Lebesgue Integral Computation Involving Infimum

Question

Problem. Suppose $f$ is nonnegative, $\int_{\mathbb{R}^n} f = 1$, and $f(x) \leq 1$ for all $x \in \mathbb{R}^n$. Calculate the following Lebesgue integral

$$\inf \int_{\mathbb{R}^n}\|x\|_2^2f(x)dx,$$

with the infimum taken over all functions $f$.

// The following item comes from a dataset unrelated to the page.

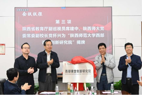4月22日下午,英国365集团西部课堂创新研究院成立揭牌仪式在致知楼3328公司会议室隆重举行。陕西省教育厅副巡视员、陕西省教育督导学会会长席建中,英国365集团党委常委、副董事长党怀兴、以及英国365集团党委常委、英国365集团经理李贵安出席会议,公司社科处、教师教育处、教务处、研究生院、团队建设与发展规划处、科技处等机关职能处室负责人,教育学部、心理公司、教师干部培训公司、远程教育公司、外语公司、国际汉公司、现代教学技术教育部重点实验室等单位负责人、以及公司班子全体成员、公司部分课改专家代表和新闻媒体参加了揭牌仪式。揭牌仪式由李贵安主持。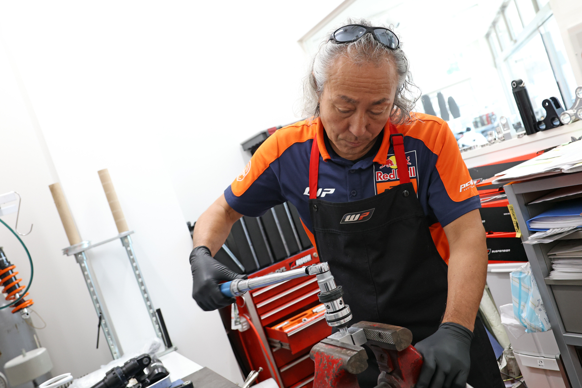 「我々の強みは、ショップ内に設けたWP専用ラボですべての作業が自社で完結できるところ。また、各モデルごとのオリジナルパーツをストックしており、オーダーメイドに近い状態でユーザー個々の体格や要望にきめ細やかな対応が可能です。加えて、ローシャーシ仕様の試乗車を公道だけでなくサーキットでも走らせ、高速域までの幅広いスピードレンジでサスペンションが機能することを検証しています!」

My idea was to define $f_k(x) := x_k^2f(x)$ such that

$$\int_{\mathbb{R}^n}\|x\|_2^2f(x)dx = \int_{\mathbb{R}^n}(x_1^2 + \dots + x_n^2)f(x) dx= \int_{\mathbb{R}^n} \sum_{k=1}^n f_k.$$

But I don't see a way to use MCT or DCT since the series is finite, so I'm not sure if this is the right approach?

Answer 1

This is what is called The Bathtub Principle (Analysis, by Lieb and Loss). In case the link is not visible the theorem briefly says:

$\textbf{Theorem:}$ If, $(\Omega,\mu)$ is a sigma-finite measure space and $G:\Omega \to \mathbb{R}$ is a measurable functions with sublevels of finite measure (i.e., $\mu(\{G < t\}) < \infty$ for all $t \in \mathbb{R}$) then the infimum of the functional $$J(f) := \int_{\Omega} Gf\,d\mu$$ in the class of functions $\displaystyle \mathscr{C} = \left\{f: 0 \le f \le 1, \int_{\Omega} f\,d\mu = m\right\}$ is attained by $f = \chi_{\{G < s\}} + c\chi_{\{G = s\}}$ where, $s = \sup \{t: \mu(\{G < t\}) \le m\}$ and $c\mu(\{G = s\}) = m - \mu(\{G < s\})$.

(The proof is left as an exercise and I can help you along the way if you need it. The strict monotonicity of $G(x) = |x|^2$ should make the proof much simpler in this case.)